Tuesday, June 10, 2014

End Cruelty Through Responsible Pet Education

MALAYSIAKINI 3:18PM Jun 10, 2014

End cruelty through responsible pet education

Petpositive - the Malaysian Animal-Assisted Therapy for the Disabled and Elderly Association - is most appalled and outraged over last week’s bludgeoning to death of stray dogs with metal rods by enforcement officers from the Johor Baru Central Municipal Council (MPJBT). (Killing of dogs a mistake, council accepts responsibility, The Star, June 8, 2014.)
It is most unthinkable and painful for any loving and caring Malaysian in this day and age to comprehend or accept the fact that such a brutal and barbaric act is still being deployed on defenceless animals by and in our society.

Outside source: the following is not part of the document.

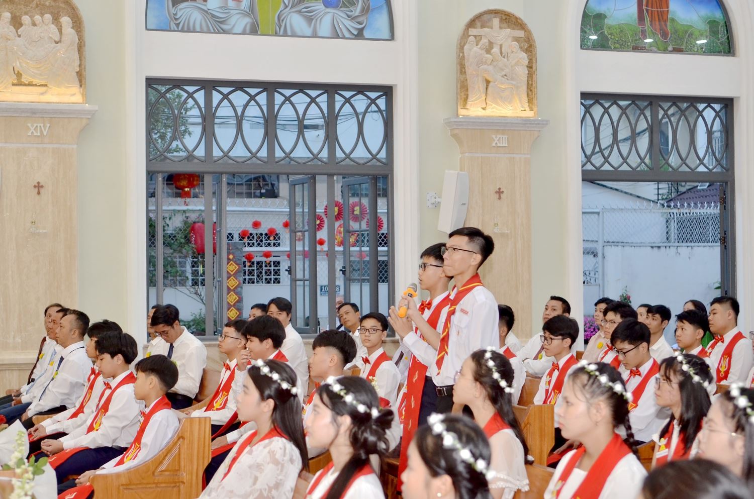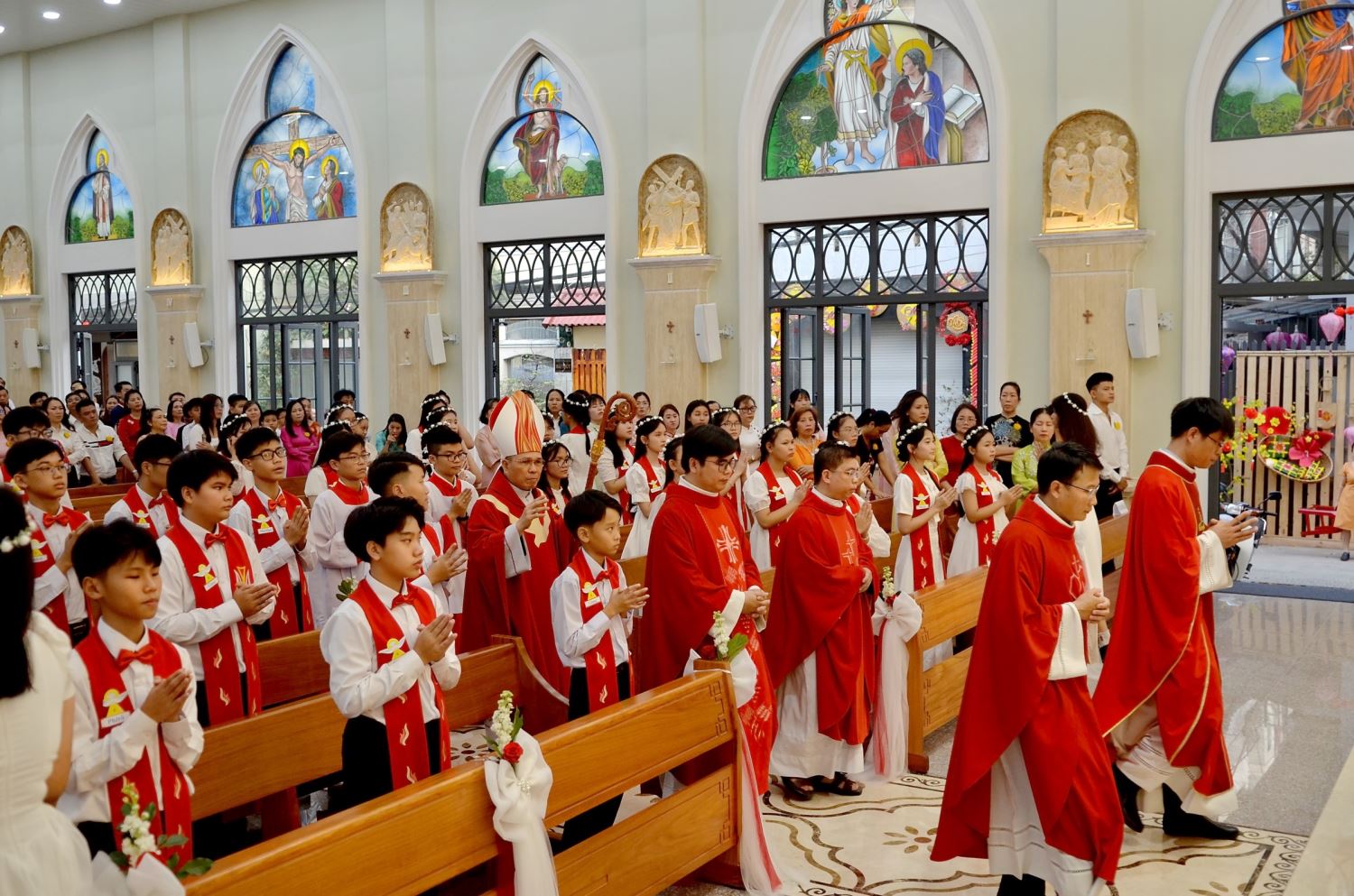 Tham dự Thánh lễ có các em thiếu nhi, phụ huynh, cha mẹ đỡ đầu và cộng đoàn giáo dân trong giáo xứ.

And what more when such despicable evil is practised by a local

Although we welcome the fact that MPJBT quickly took responsibility for such cruelty, we feel terribly uneasy about the fact that it took an expose from an amateur’s camera to uncover this cruel practice which has obviously been going on silently away from the public eye.

MPJBT should leave no stone unturned in its own investigation of the matter. Whoever is responsible must be brought to book, even if he is a higher-up.    

The Department of Veterinary Services (DVS) should also conduct a thorough investigation as what happened to the canines is clearly an act torture and cruelty.

MPJBT must set up a pound for strays. Unwanted animals caught off the streets should be housed for at least a week for owners of lost dogs and cats to claim them after paying their fines for being irresponsible owners.

Sick dogs should be put down immediately and humanely only by a qualified veterinarian or a vet-trained officer.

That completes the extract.